▸ **REQUIRED ACTION**
What you produce should be the lines from the line containing "جدول بازیهای امروز لیگ برتر فوتبال" through the last line below, both ends included, reproduced exactly and without pictures.

▸ **DATA BELOW**
※ ※ ※
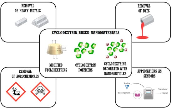 - Liu, Q.; Zhou, Y.; Lu, J.; Zhou, Y. Novel cyclodextrin-based adsorbents for removing pollutants from wastewater: A critical review. Chemosphere 2020, 241, 125043. [Google Scholar] [CrossRef]
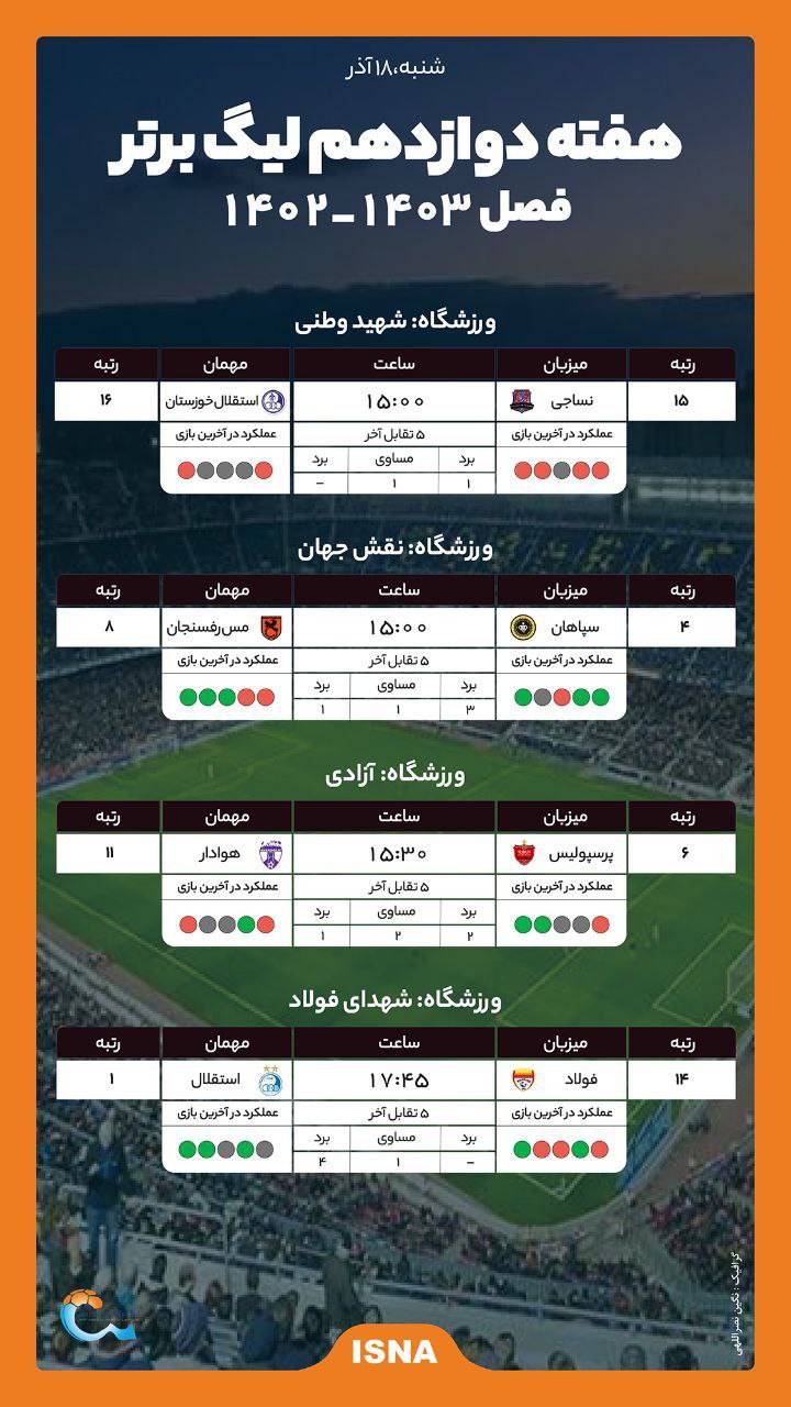 جدول بازیهای امروز لیگ برتر فوتبال
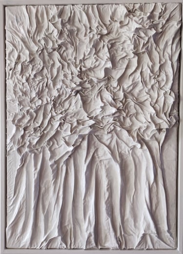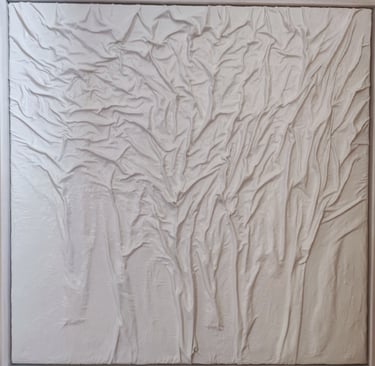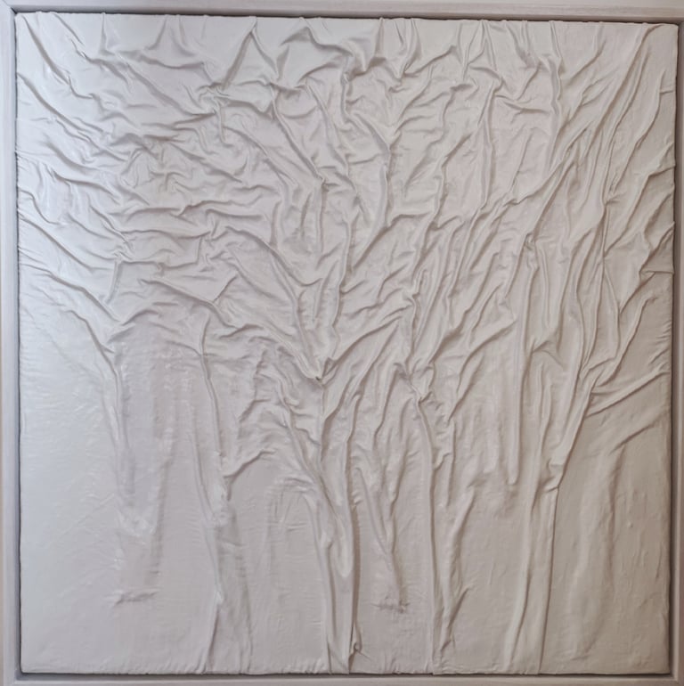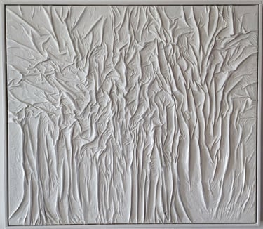 In alcune opere, il bianco diventa l’unico colore, reso cangiante dalla dinamicità della luce che lo attraversa, creando un'atmosfera quasi eterea, dove il rimando alla natura invita lo spettatore a perdersi in un mondo di riflessi e ombre danzanti.
※ ※ ※
▸ **OUTPUT FOR THIS TASK**
 جدول بازیهای امروز لیگ برتر فوتبال
 In alcune opere, il bianco diventa l’unico colore, reso cangiante dalla dinamicità della luce che lo attraversa, creando un'atmosfera quasi eterea, dove il rimando alla natura invita lo spettatore a perdersi in un mondo di riflessi e ombre danzanti.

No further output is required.